This is a checklist for transferring participations in an English limited partnership which is registered under the Limited Partnerships Act 1907.
It is for situations where a transfer has been agreed in principle on the basis of a private transaction between one of the current limited partners and the prospective transferee.
1. Due diligence and warranties – establish whether the transferee proposes to carry out any due diligence investigations in relation to the limited partnership / fund / fund manager. A prospective transferor would not usually give any warranties except in relation to its own title to the participations in question.
2. Capacity of the transferor – check that the transferor has the legal capacity to transfer. Issues may arise, for example, in the context of insolvency, death or mental incapacity.
3. Capacity of the transferee – check the legal status of the proposed transferee and whether it has the legal capacity to be a limited partner. Issues can arise, for example for English partnerships, which are not separate legal entities and cannot be partners in another partnership as such. Similar issues affect trusts. In those cases, the transferee of the legal interest in the limited partnership may need to be a nominee or trustee, which then holds the participation on behalf of the intended transferee.
4. Third party security interests – check whether the transferor has created any charge or other security interest over the participation, which would need to be released.

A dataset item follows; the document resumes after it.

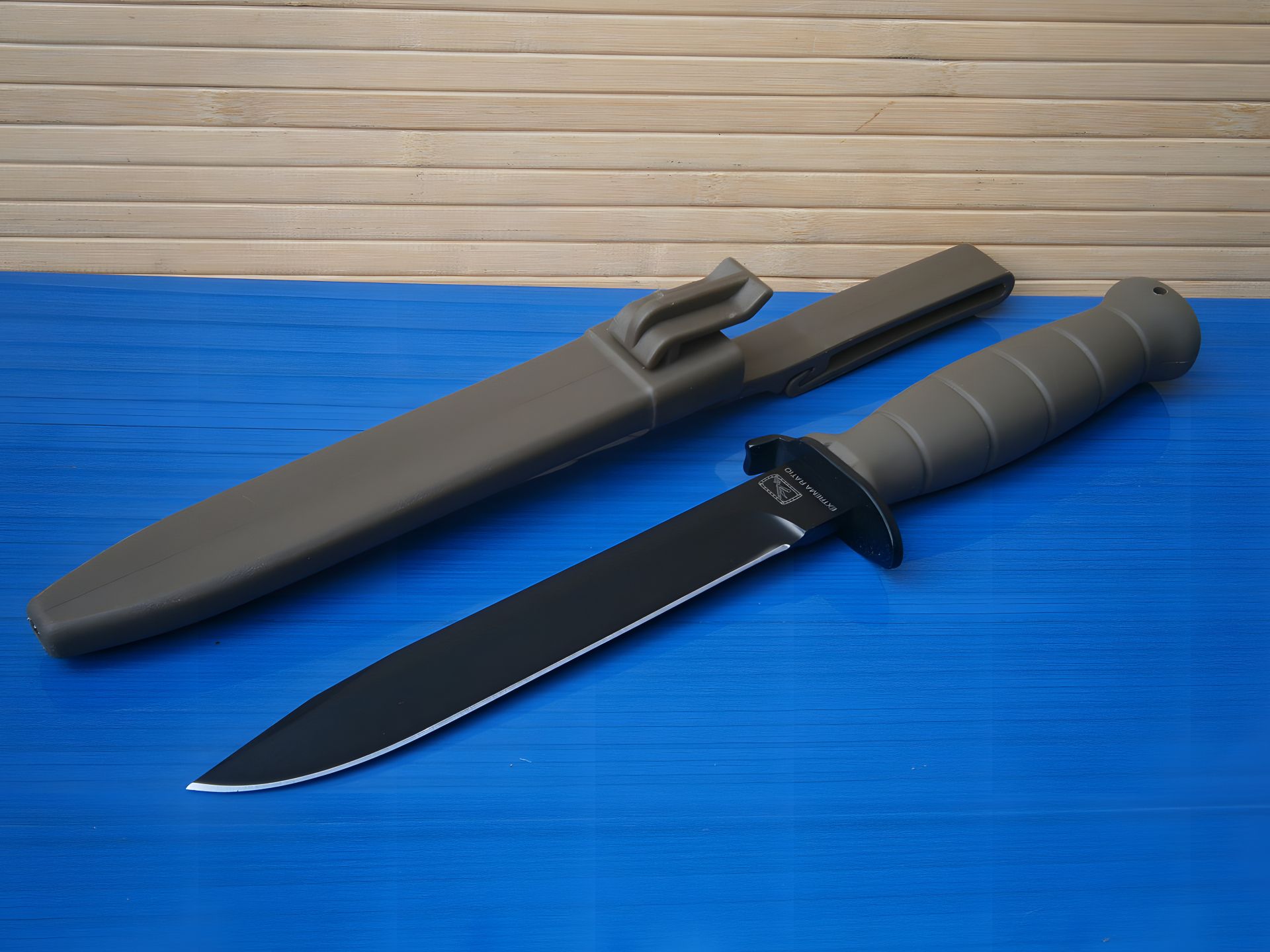 В комплекте полимерные ножны оригинальной конструкции, не имеющие металлических частей. Ножны имеют ременное крепление, позволяющее прикрепить их к ремню шириной до 60 мм или к платформе MOLLE. Особенности:

5. Pre-emption rights and approvals – check the relevant limited partnership agreement and any related documentation for:
- any pre-emption rights or rights of first refusal affecting the transfer of the participation
- whether the transfer needs to be approved (e.g. by the general partner or the operator), and whether approval is at that person’s discretion, or whether it cannot be unreasonably withheld
- whether the transferee or the circumstances of the transfer fall within a category of permitted transfer
6. The consideration – review the consideration or purchase price for the transfer, and whether this gives rise to any legal issues. For example, a transfer by a subsidiary company to a parent company at less than market value may constitute an unlawful deemed distribution if the shortfall is not matched by distributable reserves in the transferor.
7. Tax – review any tax issues relating to the transfer, including stamp duty.
8. Deed of transfer – assuming no issues arise from the previous items, prepare a deed of transfer. This is would usually be a short document entered into by the transferor, transferee, general partner and operator. A pro forma document may be included as a schedule to the limited partnership agreement itself.
9. Corporate approvals – prepare any corporate or other approvals which are needed, such as board minutes or resolutions. Check that a quorum is present and that any conflicts of interest are properly dealt with.
10. Form LP6 – details of the change in the limited partners must be notified to the Registrar of Limited Partnerships (Companies House) using form LP6. This filing needs to be made within 7 days after the change.
11. Advertisement in the London Gazette – the change also needs to be advertised in the London Gazette. Until this has taken place, the legal transfer of the partnership interest will have no effect.